Task:
The full listing, from first line to last, should be set down again exactly.

___ Records shown

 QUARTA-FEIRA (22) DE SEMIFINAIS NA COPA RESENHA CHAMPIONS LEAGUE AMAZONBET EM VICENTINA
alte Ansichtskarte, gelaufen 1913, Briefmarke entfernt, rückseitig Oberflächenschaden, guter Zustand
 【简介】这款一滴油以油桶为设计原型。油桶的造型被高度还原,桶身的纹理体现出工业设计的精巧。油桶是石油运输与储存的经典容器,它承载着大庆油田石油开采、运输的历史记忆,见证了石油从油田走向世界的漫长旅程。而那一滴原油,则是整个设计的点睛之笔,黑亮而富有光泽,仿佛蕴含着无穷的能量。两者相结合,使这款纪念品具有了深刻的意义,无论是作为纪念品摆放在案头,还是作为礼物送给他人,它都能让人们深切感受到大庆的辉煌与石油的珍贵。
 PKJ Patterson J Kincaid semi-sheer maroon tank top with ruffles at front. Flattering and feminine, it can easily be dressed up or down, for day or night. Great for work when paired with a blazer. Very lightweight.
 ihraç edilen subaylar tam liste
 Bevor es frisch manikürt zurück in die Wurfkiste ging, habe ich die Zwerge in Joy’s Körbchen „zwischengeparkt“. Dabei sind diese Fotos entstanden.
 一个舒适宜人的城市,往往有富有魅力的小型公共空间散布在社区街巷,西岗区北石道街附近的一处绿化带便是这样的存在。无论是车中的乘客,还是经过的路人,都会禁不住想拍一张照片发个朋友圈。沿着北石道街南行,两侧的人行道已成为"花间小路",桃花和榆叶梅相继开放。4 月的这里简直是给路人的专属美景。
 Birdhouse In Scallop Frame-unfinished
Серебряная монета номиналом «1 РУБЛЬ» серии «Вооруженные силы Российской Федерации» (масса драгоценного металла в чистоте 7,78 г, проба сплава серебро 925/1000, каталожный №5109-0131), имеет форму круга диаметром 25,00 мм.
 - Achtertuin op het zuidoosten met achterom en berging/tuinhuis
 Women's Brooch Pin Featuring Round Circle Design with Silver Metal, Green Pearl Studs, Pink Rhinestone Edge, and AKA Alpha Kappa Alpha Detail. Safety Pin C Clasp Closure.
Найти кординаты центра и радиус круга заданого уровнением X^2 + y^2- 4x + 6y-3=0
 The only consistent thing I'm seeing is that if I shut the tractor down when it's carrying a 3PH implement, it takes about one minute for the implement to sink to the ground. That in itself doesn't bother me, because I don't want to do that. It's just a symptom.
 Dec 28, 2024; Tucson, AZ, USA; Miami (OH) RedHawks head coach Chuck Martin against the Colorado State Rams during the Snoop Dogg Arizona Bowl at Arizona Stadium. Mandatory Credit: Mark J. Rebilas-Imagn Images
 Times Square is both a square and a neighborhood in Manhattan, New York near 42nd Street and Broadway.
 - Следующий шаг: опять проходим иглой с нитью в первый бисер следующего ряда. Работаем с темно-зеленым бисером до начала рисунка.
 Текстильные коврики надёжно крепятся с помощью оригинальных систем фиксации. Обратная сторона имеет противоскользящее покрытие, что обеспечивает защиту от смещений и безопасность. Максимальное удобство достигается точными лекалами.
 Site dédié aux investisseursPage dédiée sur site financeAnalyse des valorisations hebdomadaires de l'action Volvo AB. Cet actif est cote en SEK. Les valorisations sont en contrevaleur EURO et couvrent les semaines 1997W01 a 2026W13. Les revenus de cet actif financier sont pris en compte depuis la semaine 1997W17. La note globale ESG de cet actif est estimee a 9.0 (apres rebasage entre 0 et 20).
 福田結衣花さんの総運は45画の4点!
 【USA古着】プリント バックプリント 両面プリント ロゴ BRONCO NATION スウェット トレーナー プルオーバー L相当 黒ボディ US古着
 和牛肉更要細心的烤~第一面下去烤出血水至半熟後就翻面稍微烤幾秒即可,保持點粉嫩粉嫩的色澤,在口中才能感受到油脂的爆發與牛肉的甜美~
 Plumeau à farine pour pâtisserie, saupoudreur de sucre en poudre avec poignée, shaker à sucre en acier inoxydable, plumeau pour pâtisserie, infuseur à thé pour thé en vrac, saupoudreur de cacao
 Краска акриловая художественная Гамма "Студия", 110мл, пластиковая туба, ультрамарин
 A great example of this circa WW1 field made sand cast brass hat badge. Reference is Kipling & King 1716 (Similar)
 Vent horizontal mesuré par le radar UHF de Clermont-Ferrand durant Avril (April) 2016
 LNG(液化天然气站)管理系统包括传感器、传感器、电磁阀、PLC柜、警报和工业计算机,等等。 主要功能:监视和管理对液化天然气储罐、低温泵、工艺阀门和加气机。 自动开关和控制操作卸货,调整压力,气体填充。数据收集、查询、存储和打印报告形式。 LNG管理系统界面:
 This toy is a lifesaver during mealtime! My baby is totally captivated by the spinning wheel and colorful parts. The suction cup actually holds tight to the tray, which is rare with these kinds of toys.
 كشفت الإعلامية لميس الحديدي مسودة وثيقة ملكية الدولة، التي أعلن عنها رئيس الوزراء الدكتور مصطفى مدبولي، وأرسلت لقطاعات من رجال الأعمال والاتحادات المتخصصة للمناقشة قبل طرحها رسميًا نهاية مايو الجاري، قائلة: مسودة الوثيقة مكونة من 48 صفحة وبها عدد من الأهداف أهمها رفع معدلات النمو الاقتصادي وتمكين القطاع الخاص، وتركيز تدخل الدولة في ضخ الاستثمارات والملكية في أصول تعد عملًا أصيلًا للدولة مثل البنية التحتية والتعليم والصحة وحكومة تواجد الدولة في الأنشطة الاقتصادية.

______

Problem solution:
 QUARTA-FEIRA (22) DE SEMIFINAIS NA COPA RESENHA CHAMPIONS LEAGUE AMAZONBET EM VICENTINA
alte Ansichtskarte, gelaufen 1913, Briefmarke entfernt, rückseitig Oberflächenschaden, guter Zustand
 【简介】这款一滴油以油桶为设计原型。油桶的造型被高度还原,桶身的纹理体现出工业设计的精巧。油桶是石油运输与储存的经典容器,它承载着大庆油田石油开采、运输的历史记忆,见证了石油从油田走向世界的漫长旅程。而那一滴原油,则是整个设计的点睛之笔,黑亮而富有光泽,仿佛蕴含着无穷的能量。两者相结合,使这款纪念品具有了深刻的意义,无论是作为纪念品摆放在案头,还是作为礼物送给他人,它都能让人们深切感受到大庆的辉煌与石油的珍贵。
 PKJ Patterson J Kincaid semi-sheer maroon tank top with ruffles at front. Flattering and feminine, it can easily be dressed up or down, for day or night. Great for work when paired with a blazer. Very lightweight.
 ihraç edilen subaylar tam liste
 Bevor es frisch manikürt zurück in die Wurfkiste ging, habe ich die Zwerge in Joy’s Körbchen „zwischengeparkt“. Dabei sind diese Fotos entstanden.
 一个舒适宜人的城市,往往有富有魅力的小型公共空间散布在社区街巷,西岗区北石道街附近的一处绿化带便是这样的存在。无论是车中的乘客,还是经过的路人,都会禁不住想拍一张照片发个朋友圈。沿着北石道街南行,两侧的人行道已成为"花间小路",桃花和榆叶梅相继开放。4 月的这里简直是给路人的专属美景。
 Birdhouse In Scallop Frame-unfinished
Серебряная монета номиналом «1 РУБЛЬ» серии «Вооруженные силы Российской Федерации» (масса драгоценного металла в чистоте 7,78 г, проба сплава серебро 925/1000, каталожный №5109-0131), имеет форму круга диаметром 25,00 мм.
 - Achtertuin op het zuidoosten met achterom en berging/tuinhuis
 Women's Brooch Pin Featuring Round Circle Design with Silver Metal, Green Pearl Studs, Pink Rhinestone Edge, and AKA Alpha Kappa Alpha Detail. Safety Pin C Clasp Closure.
Найти кординаты центра и радиус круга заданого уровнением X^2 + y^2- 4x + 6y-3=0
 The only consistent thing I'm seeing is that if I shut the tractor down when it's carrying a 3PH implement, it takes about one minute for the implement to sink to the ground. That in itself doesn't bother me, because I don't want to do that. It's just a symptom.
 Dec 28, 2024; Tucson, AZ, USA; Miami (OH) RedHawks head coach Chuck Martin against the Colorado State Rams during the Snoop Dogg Arizona Bowl at Arizona Stadium. Mandatory Credit: Mark J. Rebilas-Imagn Images
 Times Square is both a square and a neighborhood in Manhattan, New York near 42nd Street and Broadway.
 - Следующий шаг: опять проходим иглой с нитью в первый бисер следующего ряда. Работаем с темно-зеленым бисером до начала рисунка.
 Текстильные коврики надёжно крепятся с помощью оригинальных систем фиксации. Обратная сторона имеет противоскользящее покрытие, что обеспечивает защиту от смещений и безопасность. Максимальное удобство достигается точными лекалами.
 Site dédié aux investisseursPage dédiée sur site financeAnalyse des valorisations hebdomadaires de l'action Volvo AB. Cet actif est cote en SEK. Les valorisations sont en contrevaleur EURO et couvrent les semaines 1997W01 a 2026W13. Les revenus de cet actif financier sont pris en compte depuis la semaine 1997W17. La note globale ESG de cet actif est estimee a 9.0 (apres rebasage entre 0 et 20).
 福田結衣花さんの総運は45画の4点!
 【USA古着】プリント バックプリント 両面プリント ロゴ BRONCO NATION スウェット トレーナー プルオーバー L相当 黒ボディ US古着
 和牛肉更要細心的烤~第一面下去烤出血水至半熟後就翻面稍微烤幾秒即可,保持點粉嫩粉嫩的色澤,在口中才能感受到油脂的爆發與牛肉的甜美~
 Plumeau à farine pour pâtisserie, saupoudreur de sucre en poudre avec poignée, shaker à sucre en acier inoxydable, plumeau pour pâtisserie, infuseur à thé pour thé en vrac, saupoudreur de cacao
 Краска акриловая художественная Гамма "Студия", 110мл, пластиковая туба, ультрамарин
 A great example of this circa WW1 field made sand cast brass hat badge. Reference is Kipling & King 1716 (Similar)
 Vent horizontal mesuré par le radar UHF de Clermont-Ferrand durant Avril (April) 2016
 LNG(液化天然气站)管理系统包括传感器、传感器、电磁阀、PLC柜、警报和工业计算机,等等。 主要功能:监视和管理对液化天然气储罐、低温泵、工艺阀门和加气机。 自动开关和控制操作卸货,调整压力,气体填充。数据收集、查询、存储和打印报告形式。 LNG管理系统界面:
 This toy is a lifesaver during mealtime! My baby is totally captivated by the spinning wheel and colorful parts. The suction cup actually holds tight to the tray, which is rare with these kinds of toys.
 كشفت الإعلامية لميس الحديدي مسودة وثيقة ملكية الدولة، التي أعلن عنها رئيس الوزراء الدكتور مصطفى مدبولي، وأرسلت لقطاعات من رجال الأعمال والاتحادات المتخصصة للمناقشة قبل طرحها رسميًا نهاية مايو الجاري، قائلة: مسودة الوثيقة مكونة من 48 صفحة وبها عدد من الأهداف أهمها رفع معدلات النمو الاقتصادي وتمكين القطاع الخاص، وتركيز تدخل الدولة في ضخ الاستثمارات والملكية في أصول تعد عملًا أصيلًا للدولة مثل البنية التحتية والتعليم والصحة وحكومة تواجد الدولة في الأنشطة الاقتصادية.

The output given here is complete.